Thanks to the travel sponsorship I got from the CGIAR Collaborative Platform for Gender Research, I was able to attend to the Seeds of Change conference in Canberra, Australia, in April 2019. The conference contributed to a new chapter of the long journey that I started in 2016 as gender-responsive training recipient with GREAT, and later as gender-responsive researcher with Bioversity International, building on my background as an agronomist.

I can’t leave out that my travel to Canberra was not altogether easy, given the many flight layovers needed to get from Bujumbura, Burundi to Canberra, but also, I encountered travel anecdotes that could always happen to any traveler to a new place.
One of anecdotes that kept my attention is the discussion I had with an immigration agent at one stopover at a check-in gate when she asked me about my travel purpose to Canberra. Confident in myself, I replied that I’m going to attend a seeds of change conference. She checked online using her mobile phone to find out whether the conference actually existed or not, and quickly found the conference’s webpage.

two people discussing

Photo: François Iradukunda assessing the efficiency of community knowledge
transfer strategy for both men and women, March 2019

To the question of what the title ‘seeds of change’ means, and which crop is actually bearing the seeds of change, I kept a silent for a while, shameful that I didn’t challenge myself to find out the meaning of the conference’s title before boarding. Shyly, I replied that it was about mainstreaming gender in agriculture, not because I understood the title of the conference exactly, but because I knew what I was going to talk about in the conference.

It was when I heard a metaphor of ‘seeds’ used by Professor Katherine Gibson from Western Sydney University in her keynote address on ‘Building gender equity from the bottom up in agricultural communities,’ that I was able to understand more about the conference’s title. She challenged the audience with the following questions: What seeds are we sowing? What changes do we want to see?

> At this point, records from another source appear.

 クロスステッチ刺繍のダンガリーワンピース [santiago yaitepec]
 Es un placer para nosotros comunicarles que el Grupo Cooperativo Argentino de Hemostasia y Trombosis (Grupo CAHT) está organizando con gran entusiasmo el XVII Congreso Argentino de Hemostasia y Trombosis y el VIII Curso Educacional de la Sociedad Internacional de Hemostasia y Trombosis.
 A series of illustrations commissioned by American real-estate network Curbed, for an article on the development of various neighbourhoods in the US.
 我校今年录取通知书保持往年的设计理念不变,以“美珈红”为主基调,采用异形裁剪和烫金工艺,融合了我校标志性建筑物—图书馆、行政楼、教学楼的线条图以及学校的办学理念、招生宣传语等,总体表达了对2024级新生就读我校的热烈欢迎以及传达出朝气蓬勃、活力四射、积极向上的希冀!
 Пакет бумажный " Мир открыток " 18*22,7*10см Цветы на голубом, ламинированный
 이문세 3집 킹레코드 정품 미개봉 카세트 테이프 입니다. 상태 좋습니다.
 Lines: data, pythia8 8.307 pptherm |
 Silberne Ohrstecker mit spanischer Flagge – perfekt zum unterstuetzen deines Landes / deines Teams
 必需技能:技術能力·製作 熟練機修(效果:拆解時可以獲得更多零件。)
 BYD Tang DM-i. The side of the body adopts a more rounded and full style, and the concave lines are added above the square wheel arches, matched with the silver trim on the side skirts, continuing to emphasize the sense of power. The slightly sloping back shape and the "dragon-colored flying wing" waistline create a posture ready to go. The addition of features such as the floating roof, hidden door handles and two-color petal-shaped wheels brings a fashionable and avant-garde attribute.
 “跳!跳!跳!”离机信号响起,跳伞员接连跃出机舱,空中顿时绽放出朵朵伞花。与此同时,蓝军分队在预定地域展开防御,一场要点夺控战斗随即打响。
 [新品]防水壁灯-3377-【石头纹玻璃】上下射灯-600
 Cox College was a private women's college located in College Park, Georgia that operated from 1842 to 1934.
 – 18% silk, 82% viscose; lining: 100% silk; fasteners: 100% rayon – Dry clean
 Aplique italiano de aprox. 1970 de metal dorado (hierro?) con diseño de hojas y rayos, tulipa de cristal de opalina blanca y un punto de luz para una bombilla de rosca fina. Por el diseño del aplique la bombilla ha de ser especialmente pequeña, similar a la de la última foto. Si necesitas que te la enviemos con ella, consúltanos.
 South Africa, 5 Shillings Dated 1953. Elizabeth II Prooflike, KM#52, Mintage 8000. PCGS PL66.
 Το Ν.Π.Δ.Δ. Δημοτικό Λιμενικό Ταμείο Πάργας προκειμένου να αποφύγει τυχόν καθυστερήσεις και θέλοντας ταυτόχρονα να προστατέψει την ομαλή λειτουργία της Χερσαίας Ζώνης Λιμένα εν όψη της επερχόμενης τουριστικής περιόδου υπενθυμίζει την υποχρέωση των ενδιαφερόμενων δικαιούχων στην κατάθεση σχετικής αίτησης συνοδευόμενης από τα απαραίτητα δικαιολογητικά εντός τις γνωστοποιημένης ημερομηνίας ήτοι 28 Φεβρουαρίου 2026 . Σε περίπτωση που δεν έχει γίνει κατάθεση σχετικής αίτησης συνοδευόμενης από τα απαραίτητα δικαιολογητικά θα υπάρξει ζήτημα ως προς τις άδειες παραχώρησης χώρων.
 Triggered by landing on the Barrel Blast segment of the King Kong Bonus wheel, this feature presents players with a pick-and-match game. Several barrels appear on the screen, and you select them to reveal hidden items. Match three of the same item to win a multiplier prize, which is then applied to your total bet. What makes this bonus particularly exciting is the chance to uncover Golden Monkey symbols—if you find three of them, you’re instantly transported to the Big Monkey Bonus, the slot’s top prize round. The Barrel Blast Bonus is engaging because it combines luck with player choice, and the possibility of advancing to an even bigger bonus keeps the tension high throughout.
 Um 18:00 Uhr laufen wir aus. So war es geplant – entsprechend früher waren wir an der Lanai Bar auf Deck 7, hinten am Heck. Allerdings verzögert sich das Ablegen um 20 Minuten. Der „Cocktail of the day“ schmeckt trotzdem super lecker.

And are we sowing the seed that best fit our current climate?

The Seeds of Change conference was extremely inspiring by the fact that it brought together scientists coming from across the world, with different backgrounds, discussing and listening to each other about linking the themes of ‘feeding the world’ – which used to be an agricultural scientist’ primary mandate – and “gender equality” – which used to be a gender expert/feminist’s primary work.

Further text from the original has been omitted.